Needs-nya, dia berpendapat bahwa manusia dimotivasi oleh lima kebutuhan
esensial: fisiologis, keamanan, sosial, harga diri dan aktualisasi diri (juga dikenal
sebagai pemenuhan diri). Bertujuan untuk Membuat siswa menjadi semangat
belajar, Meminimalisir Rasa Jenuh, Membantu siswa dalam menemukan tujuannya,
menumbuhkan sikap optimisme dalam diri siswa, dan siswa menjadi
eksploratif. Dalam proses pembelajaran, emotional interest, minat dan rasa tertarik
siswa dapat meningkatkan motivasi belajarnya. Regulasi diri akan membantu siswa
mengendalikan pikiran, perasaan dorongan dan hasrat yang sifatnya eksternal untuk
mencapai cita-citanya. Empat komponen regulasi diri: kontrol kognitif, regulasi
motivasi, regulasi perilaku, dan regulasi konteks.

4. Paradigma personal peserta didik (growth mindset dan fixed mindset)

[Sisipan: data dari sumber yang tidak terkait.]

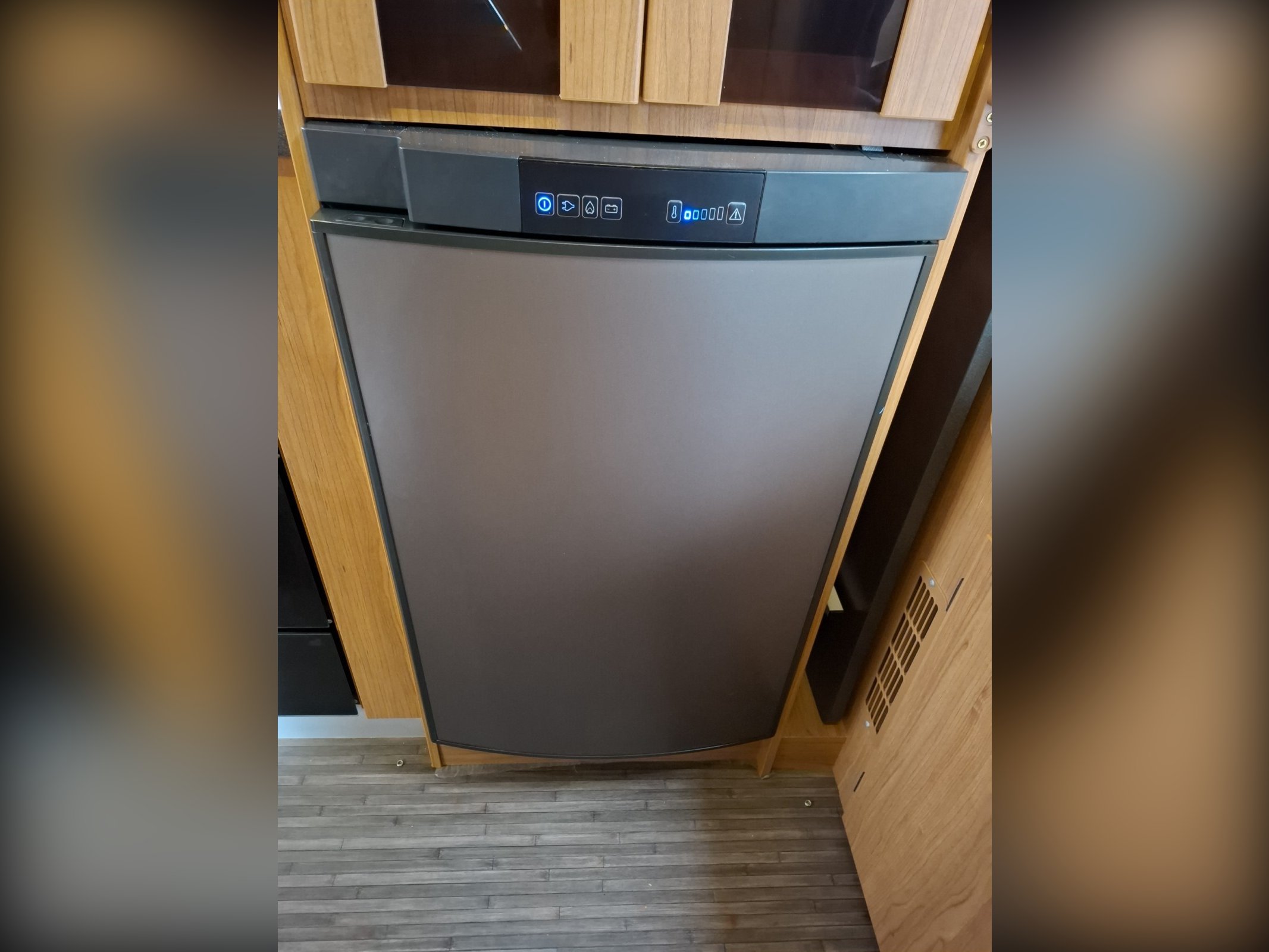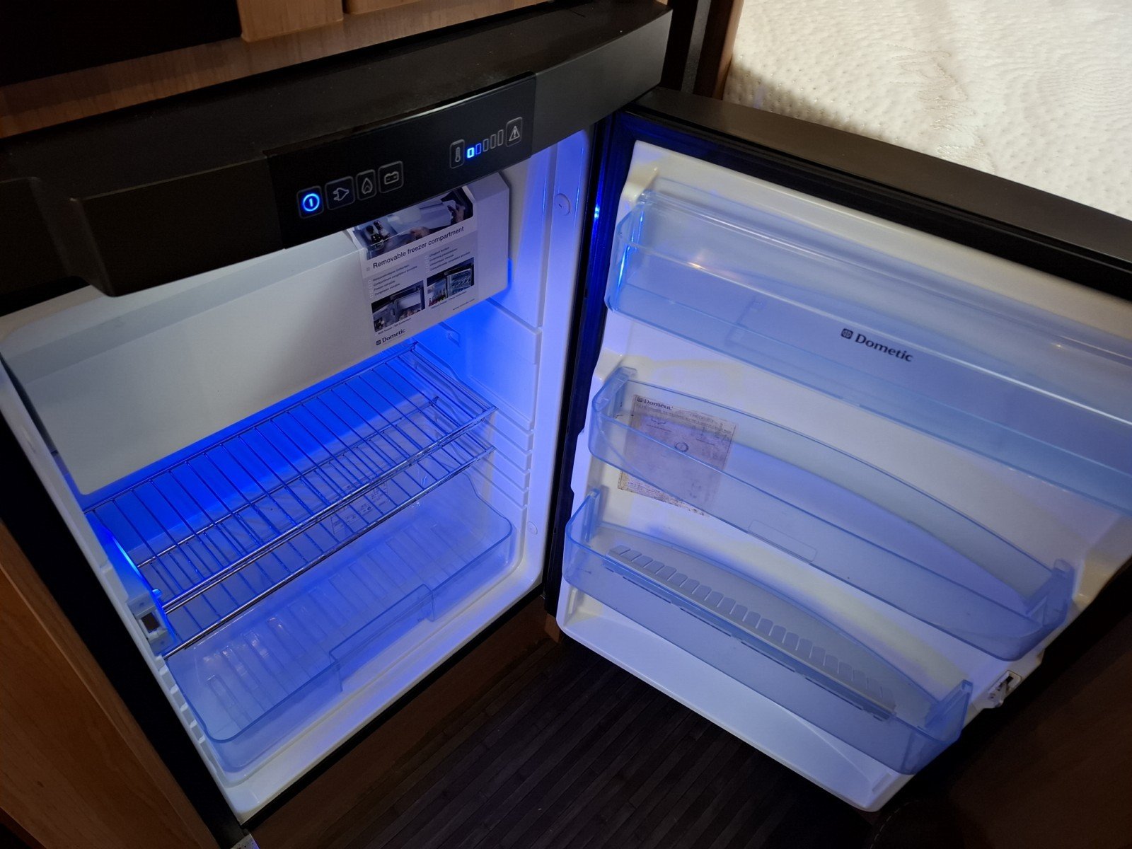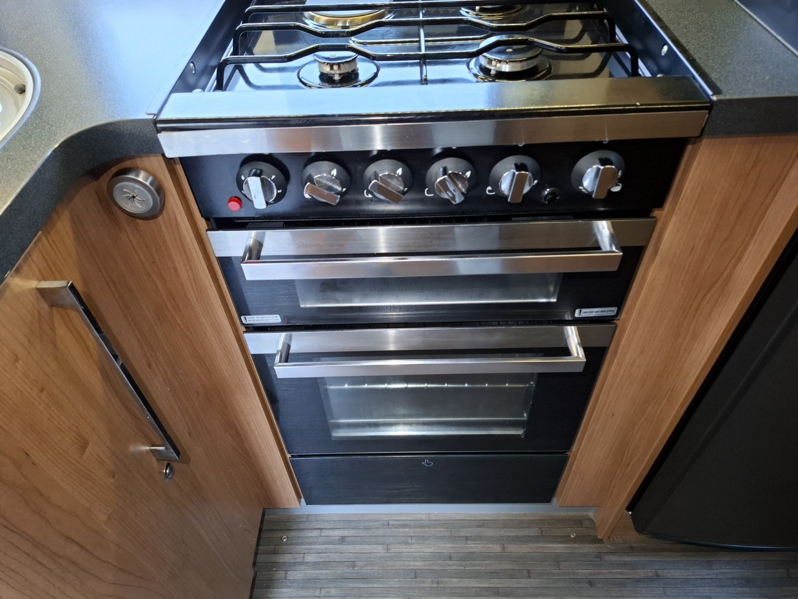 Conveniently adjacent for the storage and preparation of food, the offside central kitchen features a hob with 3 gas burners and an electric plate, an oven, a grill, a microwave, a fridge with a freezer box, and a sink.

Pada growth mindset, seseorang memiliki keyakinan yang mendasar bahwa


pembelajaran dan kecerdasan mereka dapat tumbuh seiring waktu, upaya dan
pengalaman. Ketika seseorang percaya bahwa mereka bisa menjadi lebih pintar,
mereka menyadari bahwa jika mereka melakukan upaya itu akan berdampak pada
keberhasilan, sehingga mereka bersedia untuk meluangkan waktu lebih agar
mencapai keberhasilan yang lebih tinggi. Growth mindset didasarkan pada keyakinan
bahwa prestasi akademik yang baik berasal dari upaya yang gigih dalam belajar.

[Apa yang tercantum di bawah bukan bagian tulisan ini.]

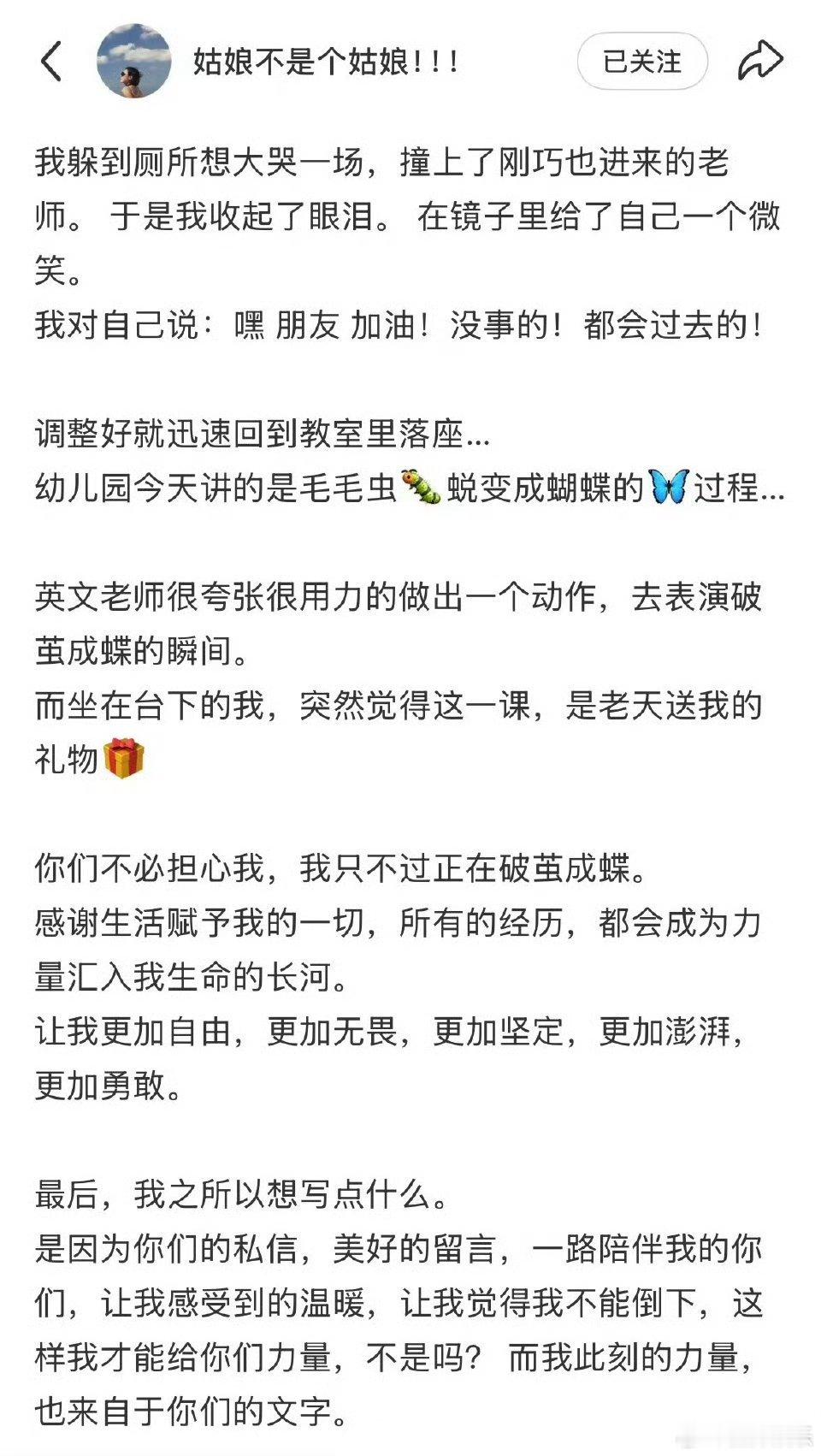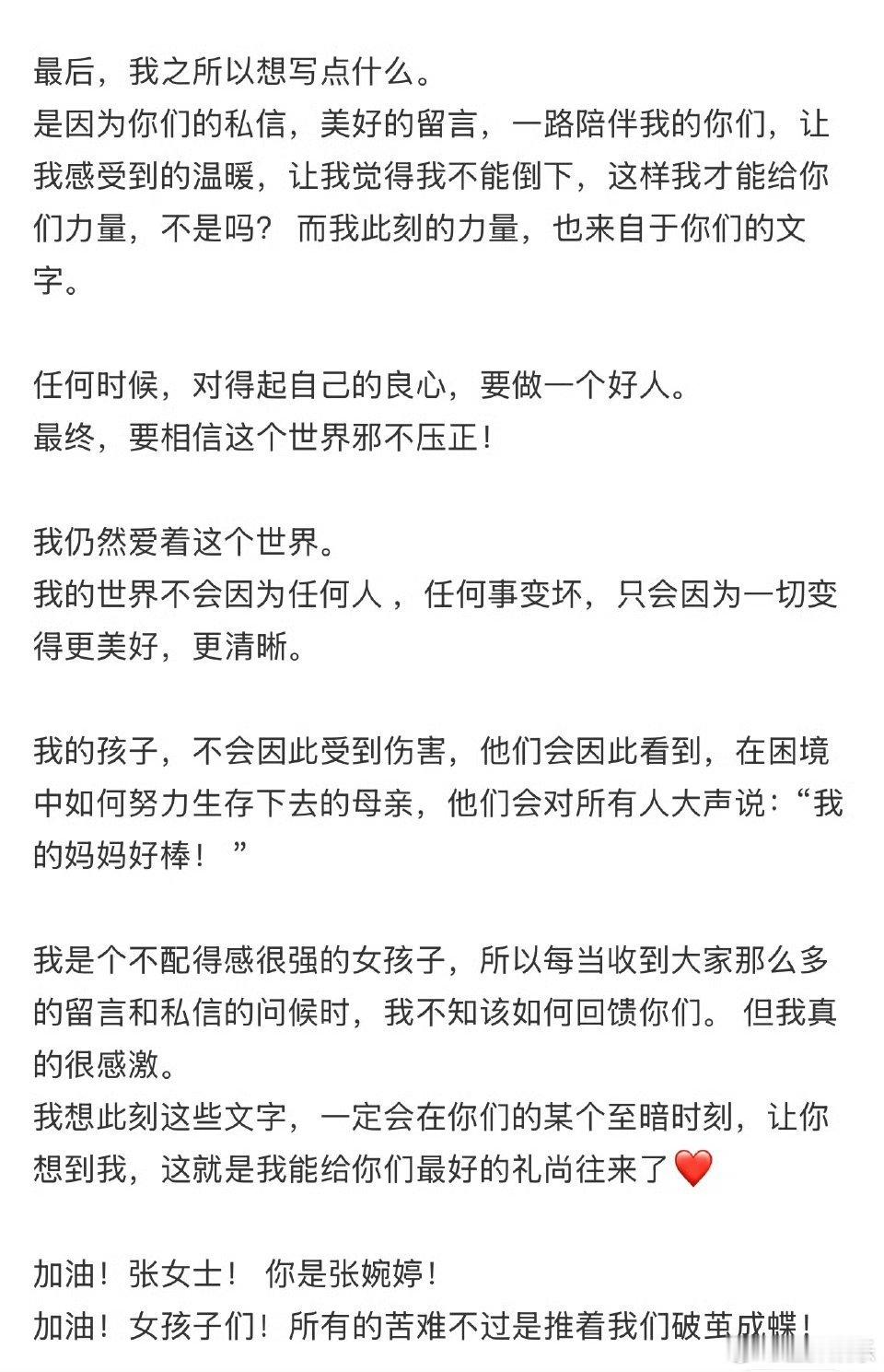 张婉婷风波后首发文看完张婉婷这次的长文,心里其实挺复杂的。她用“破茧成蝶”来形容自己,字里行间都透着那种咬牙撑住的劲儿。提到女儿牵她手、摘下帽子安慰她的细节,真的瞬间破防。她在安抚外界,也在努力治愈自己,那种为母则刚的韧性,不管怎样都让人有点心疼。希望她真的能如文字里说的那样,更自由、更无畏,和孩子都好好的
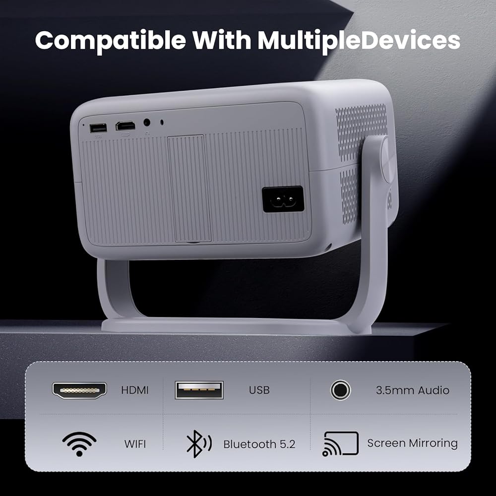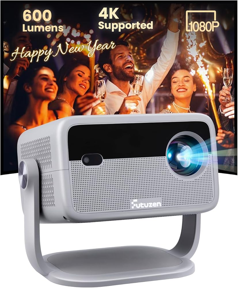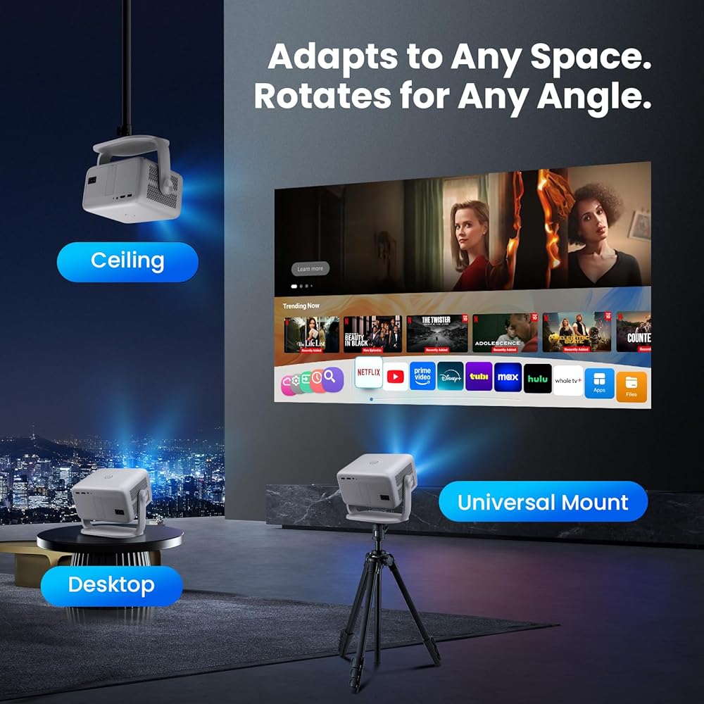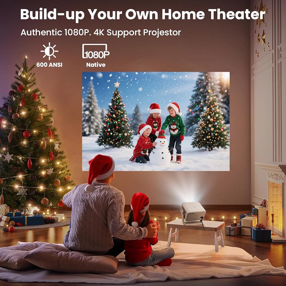 جهاز عرض ذكي مع واي فاي وبلوتوث، تطبيقات مدمجة، جهاز عرض محمول بقوة 600 لومن ANSI مع حامل، جهاز عرض صغير 1080 بكسل لغرفة النوم، حجر مفاتيح تلقائي وتركيز E أجهزة عرض سينما منزلية داخلية وخارجية 4K

Pada fixed mindset, seseorang tidak percaya bahwa mereka dapat mengembangkan
dan meningkatkan kecerdasan dan bakat mereka. Mereka juga percaya bahwa bakat
saja yang mengarah pada kesuksesan dan tidak diperlukan usaha untuk mencapai
sebuah keberhasilan. Di sekolah, seorang siswa yang memiliki fixed mindset tetap
takut untuk mencoba sekalipun diberikan kesempatan oleh gurunya. Para siswa tidak
berusaha mencari bantuan karena mereka percaya bahwa segala sesuatu yang
dilakukan bertujuan untuk mengukur kecerdasan mereka. Pola pikir seperti ini yang
akan menjadi sumber turunnya motivasi pada siswa.